L3: Multi-Pass Review Strategies

L3: Multi-Pass Review Strategies

Multi-Pass Review Strategies

In the previous lessons, we relied on explicit instructions, few-shot examples, and strict JSON schemas to get the right output on the first try. We also built Validation-Retry loops to catch schema and logic errors. However, when generating complex, nuanced outputs—like enterprise-grade code, architectural documents, or heavily constrained creative text—a single pass is rarely perfect.

This lesson covers Multi-Pass Review Strategies , the architectural practice of using LLMs to critique and iteratively refine their own (or another agent's) work before showing it to the user.

1. The Limitation of Single-Pass Generation

When you ask an LLM to generate a complex output (e.g., "Write a Python script that connects to AWS, processes this data, and handles all edge cases"), the model's attention is split across multiple competing priorities: syntax, logic, security, and fulfilling the core request.
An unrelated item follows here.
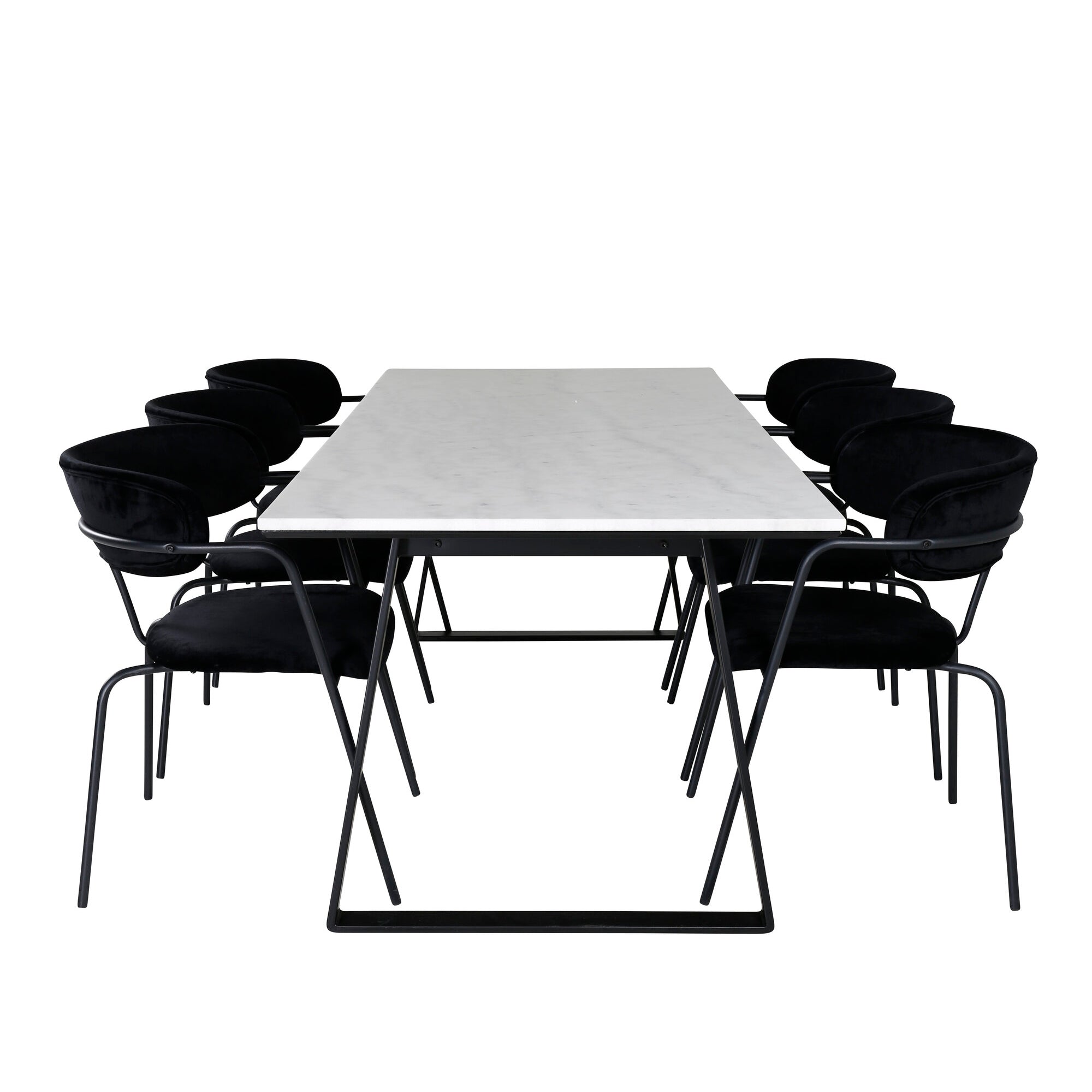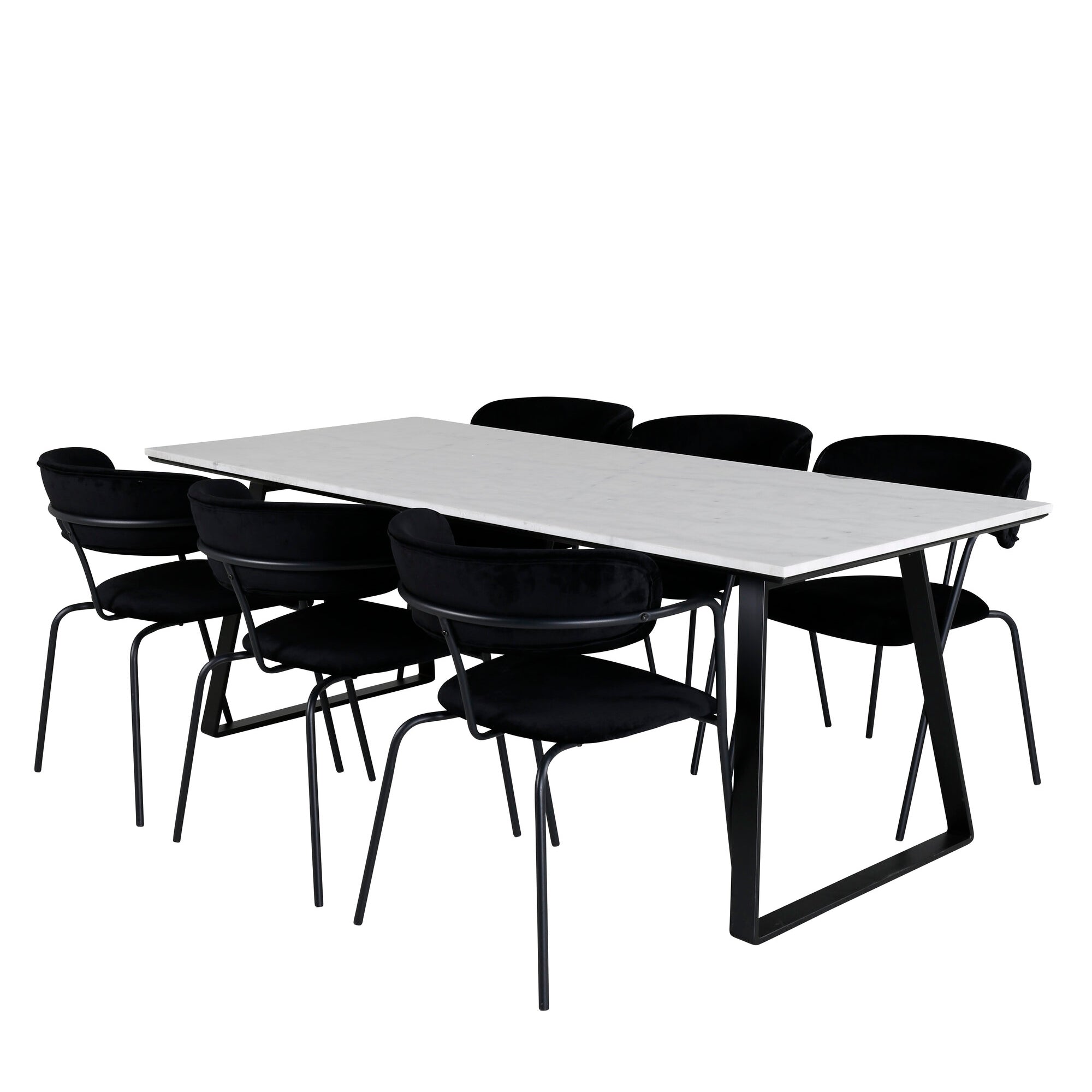 Estelle Jídelní stůl 200*90*H76 - Bílá / Černá+Křeslo Arrow - Černé nohy - Black Velvet_6

The Architectural Reality: The more constraints you place in a single prompt, the higher the probability that the model will "drop" one. It might write perfect logic but forget your instruction to add inline comments.

2. What is a Multi-Pass Strategy?

A multi-pass strategy breaks generation down into distinct, sequential API calls. Instead of asking for the final product immediately, you architect a pipeline:

  1. Pass 1 (The Draft): The model focuses entirely on solving the core problem.

  2. Pass 2 (The Critique): A model is asked only to read the draft and identify flaws against a strict rubric.

  3. Pass 3 (The Refinement): A model takes the original draft and the critique, and generates the final polished version.

By isolating the "creation" phase from the "review" phase, you allow the model to dedicate 100% of its context window and attention mechanisms to one specific cognitive task at a time.

3. Pattern 1: Self-Correction (Single Agent)

The simplest implementation is a linear Self-Correction loop within a single session state.

The Workflow:

  1. You prompt Claude to generate the code.

  2. Claude outputs the code.

  3. You immediately append a new user message to the same conversation history: "Review the code you just wrote. Does it strictly adhere to the PEP-8 style guide and handle network timeouts? List any violations, then output the corrected code."

  • Advantages: Easy to implement, low latency overhead, maintains session context.

  • Drawbacks (Confirmation Bias): Because the model shares the same context window as its original draft, it is mathematically biased toward its own previous reasoning. It will often "rubber-stamp" its own work, missing subtle logic errors.

4. Pattern 2: The Critic/Reviewer (Multi-Agent)

For production-grade GenAI systems, architects prefer the Multi-Agent Review Pattern (heavily utilized in CI/CD pipelines, as discussed in Module 3).

Instead of asking the same agent to review its work, you spin up a completely isolated, fresh API call with a different System Prompt.

The Architecture:

  • The Generator Agent: Prompted to be creative and solve the problem.

  • The Reviewer Agent: Prompted to act as a strict Quality Assurance auditor. Its system prompt contains the explicit grading rubric.

Why this works: The Reviewer Agent has no memory of why the Generator Agent wrote the code the way it did. It evaluates the output purely on the merits of the text against the rubric, completely eliminating LLM confirmation bias.

5. Designing the Critique Prompt

The success of a multi-pass system relies entirely on how you instruct the Reviewer Agent. If you just say "Make this better," the Reviewer might unnecessarily rewrite perfect code just to fulfill the prompt.

Architectural Best Practice: The "Critique-Only" Constraint

Do not let the Reviewer Agent rewrite the output. Force it to only output a structured list of flaws.

Reviewer Prompt Example:

"You are a strict QA Reviewer. Read the drafted SQL query below. Evaluate it strictly against these three rules: 1. No SELECT * statements. 2. Must use table aliases. 3. Must include a WHERE clause.

Output a JSON array of violations. If there are no violations, output an empty array[]. DO NOT output the corrected SQL."

Your application code then takes that JSON array. If it is empty, the draft is approved and sent to the user. If it has items, your code passes the array back to the Generator Agent: "Your draft had the following violations: [Array]. Fix them."

6. The Architect's Dilemma: Cost vs. Quality

Multi-pass workflows produce significantly higher-quality outputs, but they come with severe architectural trade-offs:

  • Token Multipliers: A 3-pass workflow consumes at least 3x the input tokens and 3x the output tokens of a single-pass workflow.

  • Latency: If a single API call takes 4 seconds, a 3-pass review takes 12+ seconds. This is unacceptable for a real-time customer service chatbot.

When to use Multi-Pass:

Reserve this pattern for high-stakes, asynchronous tasks. Generating code, drafting legal contracts, summarizing critical medical records, or running background CI/CD checks are perfect use cases where absolute accuracy vastly outweighs a few seconds of latency.